- **Exercise brief**
Return all the data verbatim but without images.

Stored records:
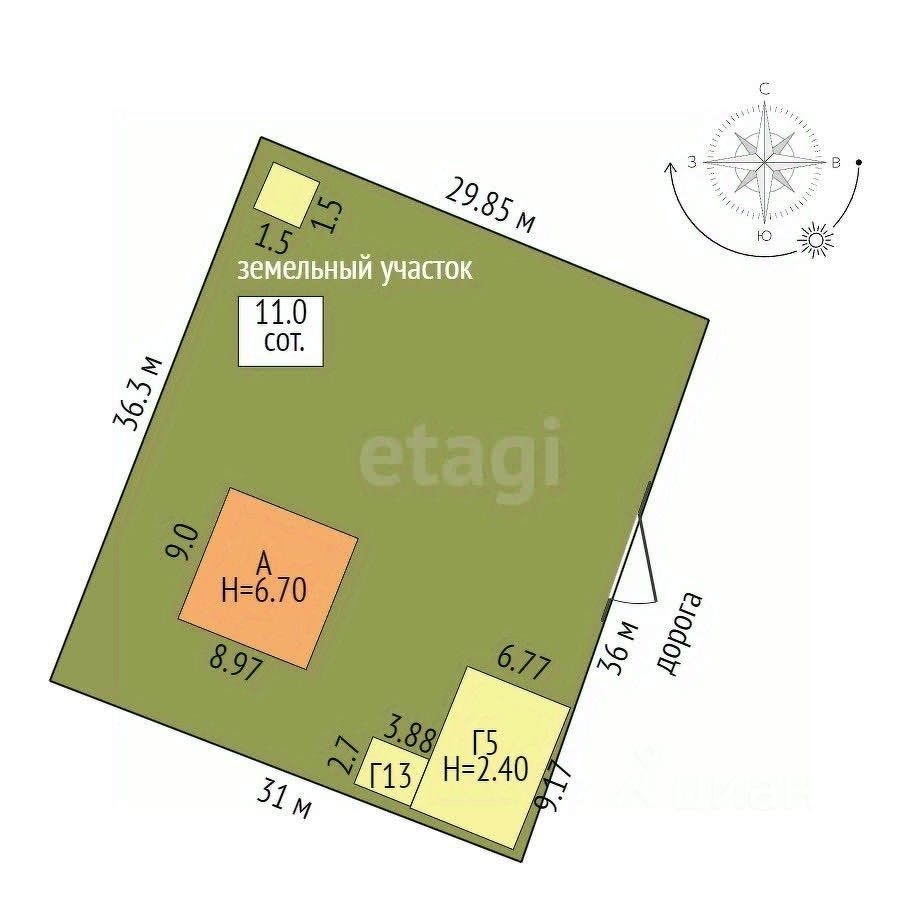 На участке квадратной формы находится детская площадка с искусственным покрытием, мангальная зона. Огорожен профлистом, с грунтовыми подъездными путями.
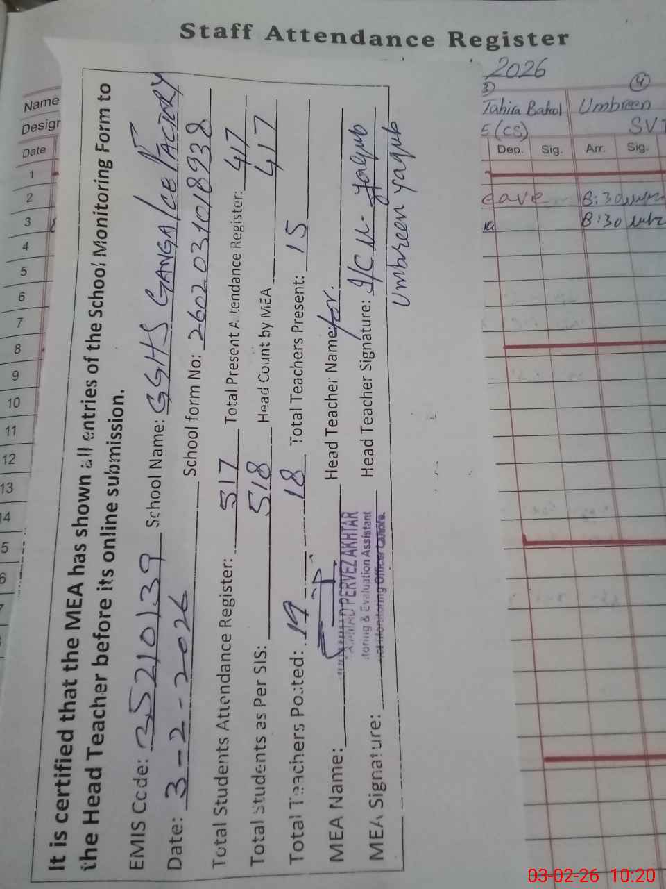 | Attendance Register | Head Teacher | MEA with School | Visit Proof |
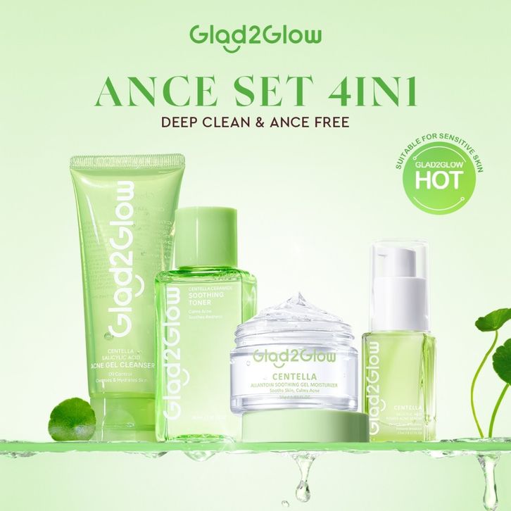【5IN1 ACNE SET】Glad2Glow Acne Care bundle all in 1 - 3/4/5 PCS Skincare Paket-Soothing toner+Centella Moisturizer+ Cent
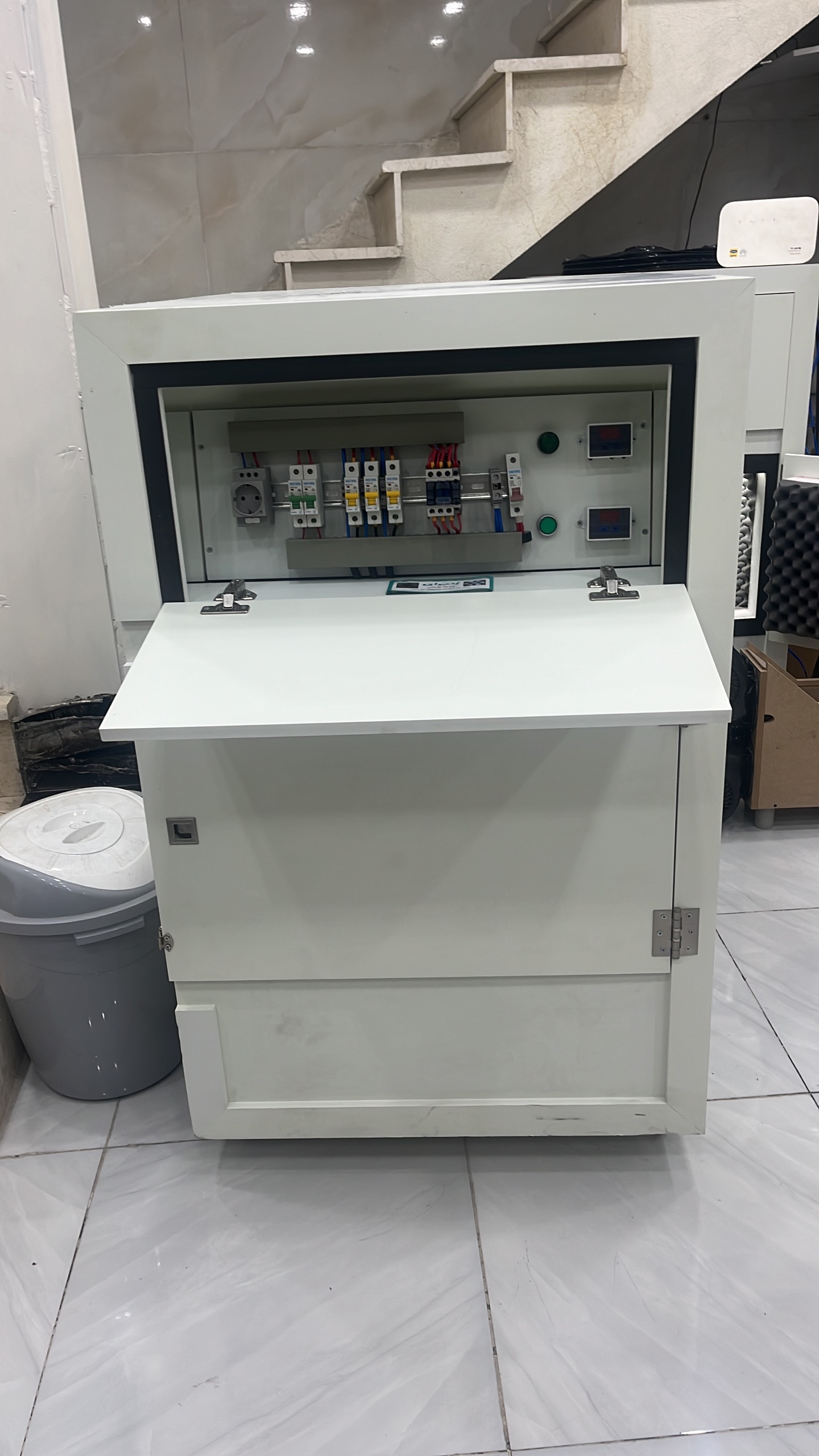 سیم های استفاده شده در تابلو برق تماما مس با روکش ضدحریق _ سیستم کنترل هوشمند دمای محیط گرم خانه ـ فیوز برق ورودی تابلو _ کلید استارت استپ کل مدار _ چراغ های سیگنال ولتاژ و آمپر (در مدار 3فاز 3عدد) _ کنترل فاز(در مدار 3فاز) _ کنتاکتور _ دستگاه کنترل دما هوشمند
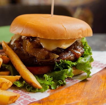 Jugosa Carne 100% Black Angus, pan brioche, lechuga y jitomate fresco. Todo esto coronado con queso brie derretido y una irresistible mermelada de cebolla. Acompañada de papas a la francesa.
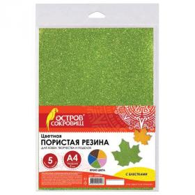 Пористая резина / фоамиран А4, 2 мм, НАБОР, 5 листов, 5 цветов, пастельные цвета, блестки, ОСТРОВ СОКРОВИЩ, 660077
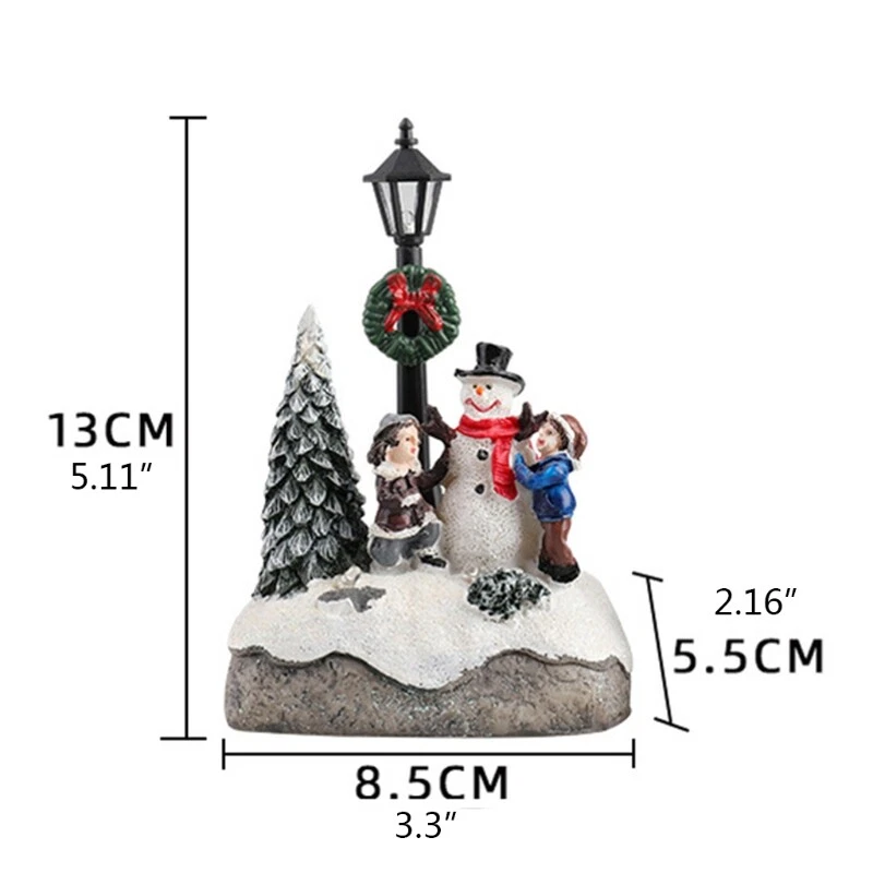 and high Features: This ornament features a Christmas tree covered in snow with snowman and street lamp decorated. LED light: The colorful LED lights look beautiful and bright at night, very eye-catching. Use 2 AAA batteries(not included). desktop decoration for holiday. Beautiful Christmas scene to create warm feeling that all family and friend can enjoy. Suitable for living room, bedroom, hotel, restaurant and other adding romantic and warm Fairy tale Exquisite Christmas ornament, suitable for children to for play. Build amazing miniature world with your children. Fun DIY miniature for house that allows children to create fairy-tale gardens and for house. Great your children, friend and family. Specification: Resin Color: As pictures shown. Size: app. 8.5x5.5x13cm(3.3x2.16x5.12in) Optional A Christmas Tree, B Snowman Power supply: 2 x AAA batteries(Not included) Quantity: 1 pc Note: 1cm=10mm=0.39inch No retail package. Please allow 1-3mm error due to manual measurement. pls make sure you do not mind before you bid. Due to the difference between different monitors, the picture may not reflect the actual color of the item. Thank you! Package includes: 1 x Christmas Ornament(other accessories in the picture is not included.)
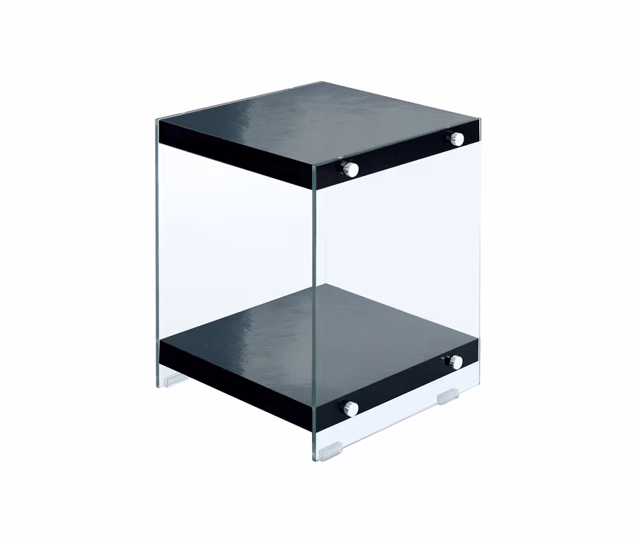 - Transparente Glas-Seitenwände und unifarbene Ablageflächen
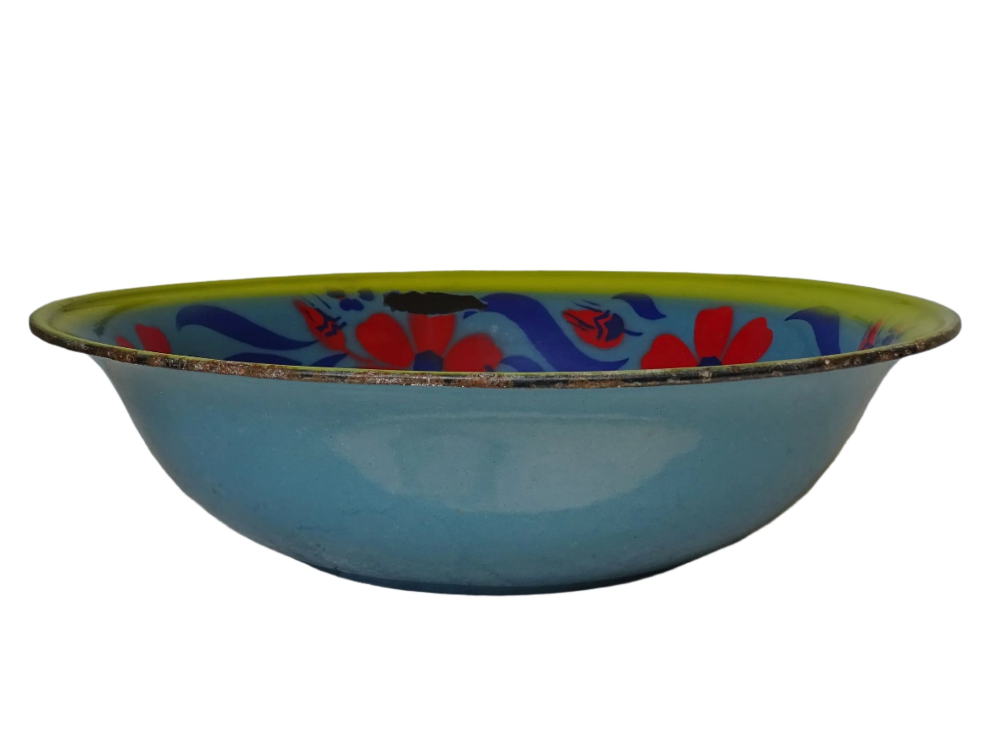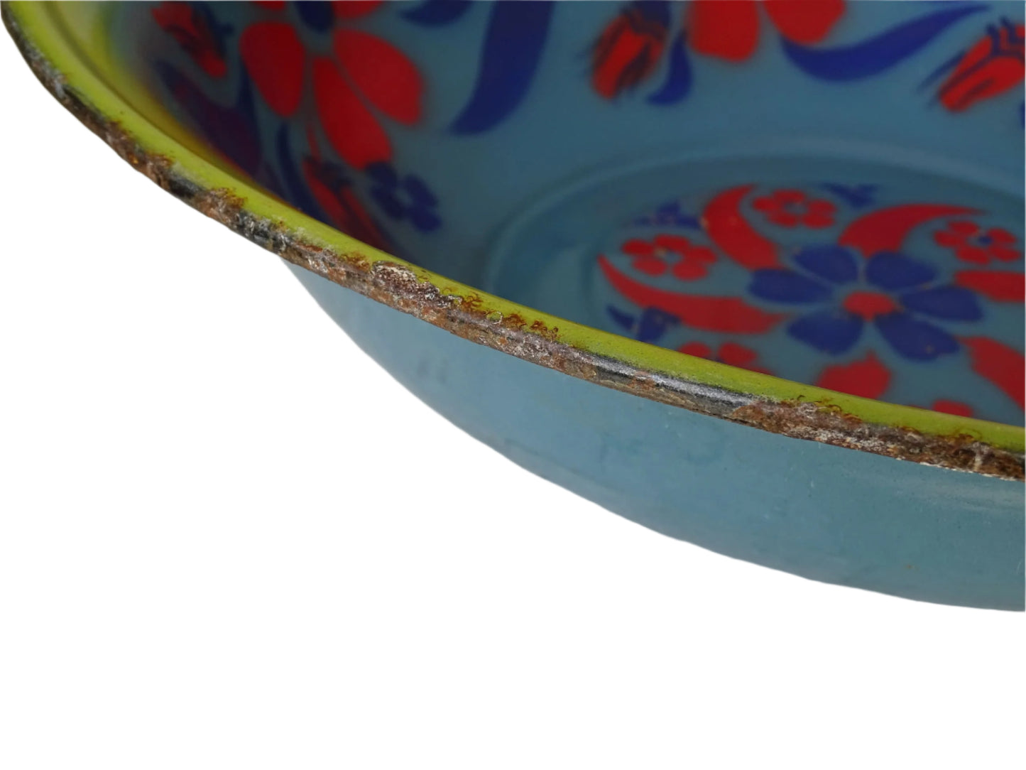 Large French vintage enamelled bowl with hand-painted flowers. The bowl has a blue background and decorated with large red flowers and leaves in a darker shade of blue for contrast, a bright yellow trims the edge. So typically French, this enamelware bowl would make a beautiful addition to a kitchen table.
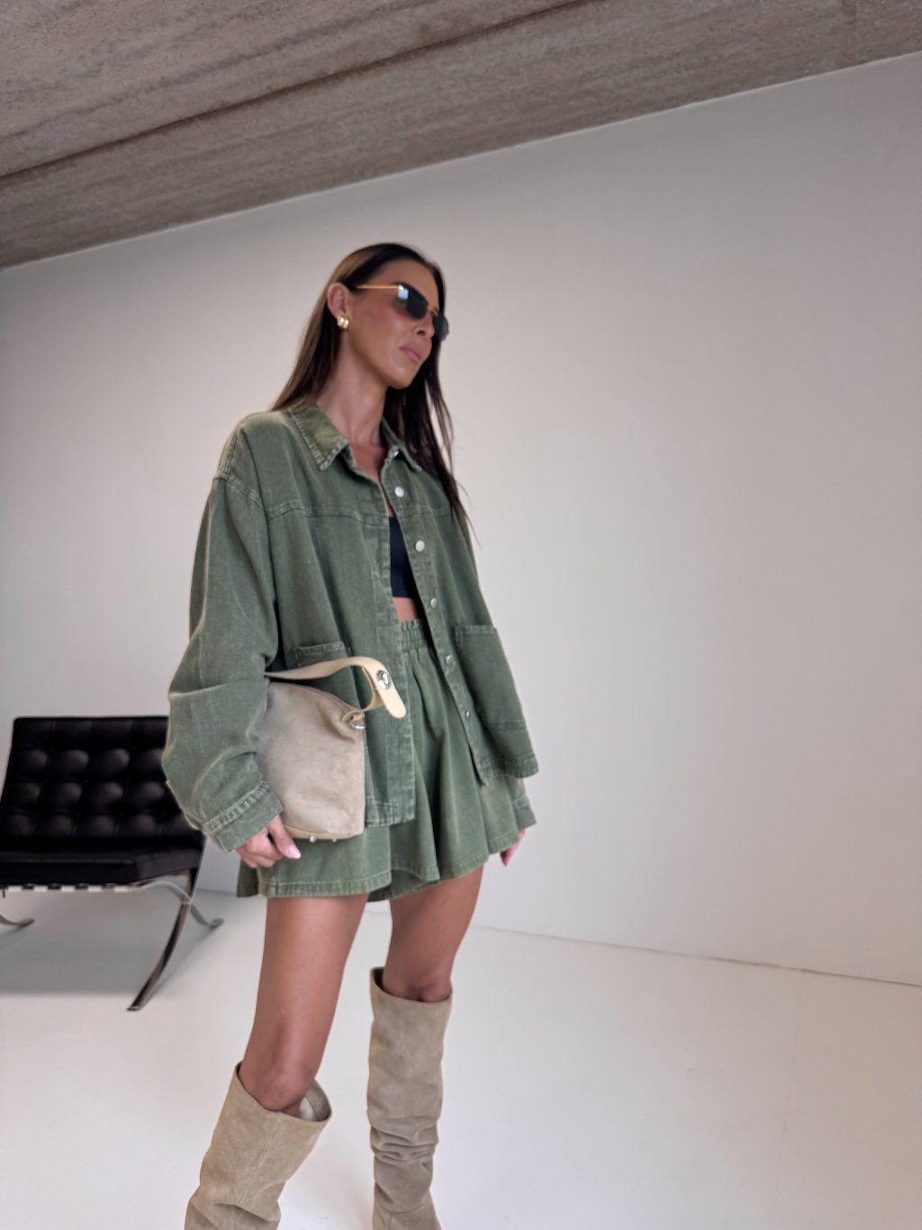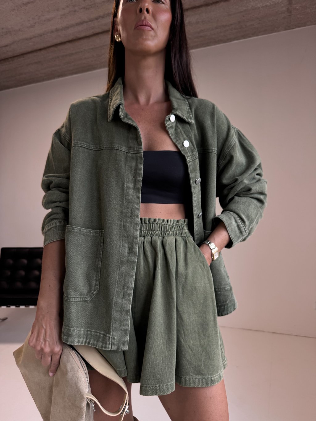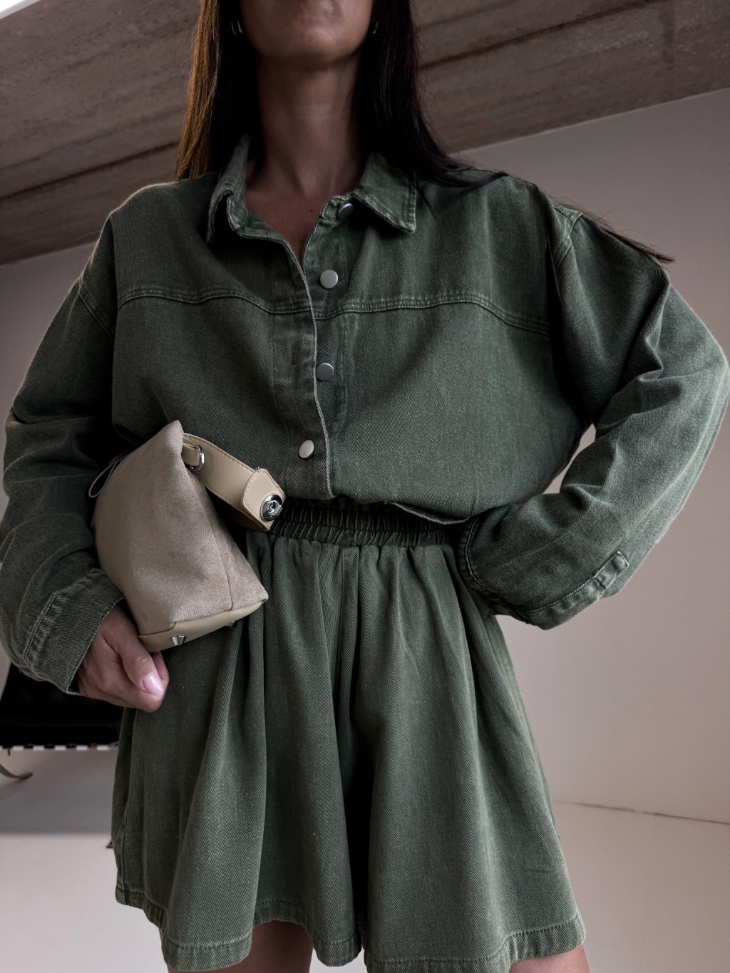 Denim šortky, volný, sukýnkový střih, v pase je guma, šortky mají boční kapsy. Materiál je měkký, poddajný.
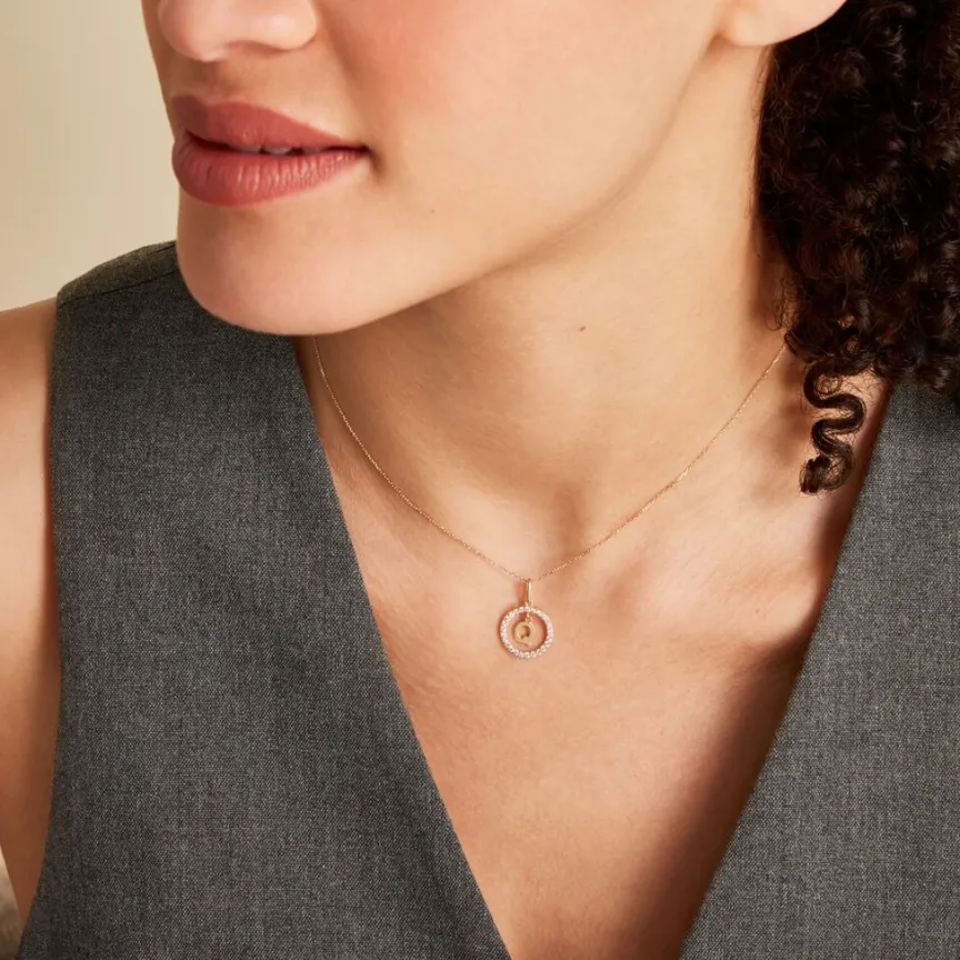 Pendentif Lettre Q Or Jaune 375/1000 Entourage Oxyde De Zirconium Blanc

- **Answer to this task**
 На участке квадратной формы находится детская площадка с искусственным покрытием, мангальная зона. Огорожен профлистом, с грунтовыми подъездными путями.
 | Attendance Register | Head Teacher | MEA with School | Visit Proof |
【5IN1 ACNE SET】Glad2Glow Acne Care bundle all in 1 - 3/4/5 PCS Skincare Paket-Soothing toner+Centella Moisturizer+ Cent
 سیم های استفاده شده در تابلو برق تماما مس با روکش ضدحریق _ سیستم کنترل هوشمند دمای محیط گرم خانه ـ فیوز برق ورودی تابلو _ کلید استارت استپ کل مدار _ چراغ های سیگنال ولتاژ و آمپر (در مدار 3فاز 3عدد) _ کنترل فاز(در مدار 3فاز) _ کنتاکتور _ دستگاه کنترل دما هوشمند
 Jugosa Carne 100% Black Angus, pan brioche, lechuga y jitomate fresco. Todo esto coronado con queso brie derretido y una irresistible mermelada de cebolla. Acompañada de papas a la francesa.
 Пористая резина / фоамиран А4, 2 мм, НАБОР, 5 листов, 5 цветов, пастельные цвета, блестки, ОСТРОВ СОКРОВИЩ, 660077
 and high Features: This ornament features a Christmas tree covered in snow with snowman and street lamp decorated. LED light: The colorful LED lights look beautiful and bright at night, very eye-catching. Use 2 AAA batteries(not included). desktop decoration for holiday. Beautiful Christmas scene to create warm feeling that all family and friend can enjoy. Suitable for living room, bedroom, hotel, restaurant and other adding romantic and warm Fairy tale Exquisite Christmas ornament, suitable for children to for play. Build amazing miniature world with your children. Fun DIY miniature for house that allows children to create fairy-tale gardens and for house. Great your children, friend and family. Specification: Resin Color: As pictures shown. Size: app. 8.5x5.5x13cm(3.3x2.16x5.12in) Optional A Christmas Tree, B Snowman Power supply: 2 x AAA batteries(Not included) Quantity: 1 pc Note: 1cm=10mm=0.39inch No retail package. Please allow 1-3mm error due to manual measurement. pls make sure you do not mind before you bid. Due to the difference between different monitors, the picture may not reflect the actual color of the item. Thank you! Package includes: 1 x Christmas Ornament(other accessories in the picture is not included.)
 - Transparente Glas-Seitenwände und unifarbene Ablageflächen
 Large French vintage enamelled bowl with hand-painted flowers. The bowl has a blue background and decorated with large red flowers and leaves in a darker shade of blue for contrast, a bright yellow trims the edge. So typically French, this enamelware bowl would make a beautiful addition to a kitchen table.
 Denim šortky, volný, sukýnkový střih, v pase je guma, šortky mají boční kapsy. Materiál je měkký, poddajný.
 Pendentif Lettre Q Or Jaune 375/1000 Entourage Oxyde De Zirconium Blanc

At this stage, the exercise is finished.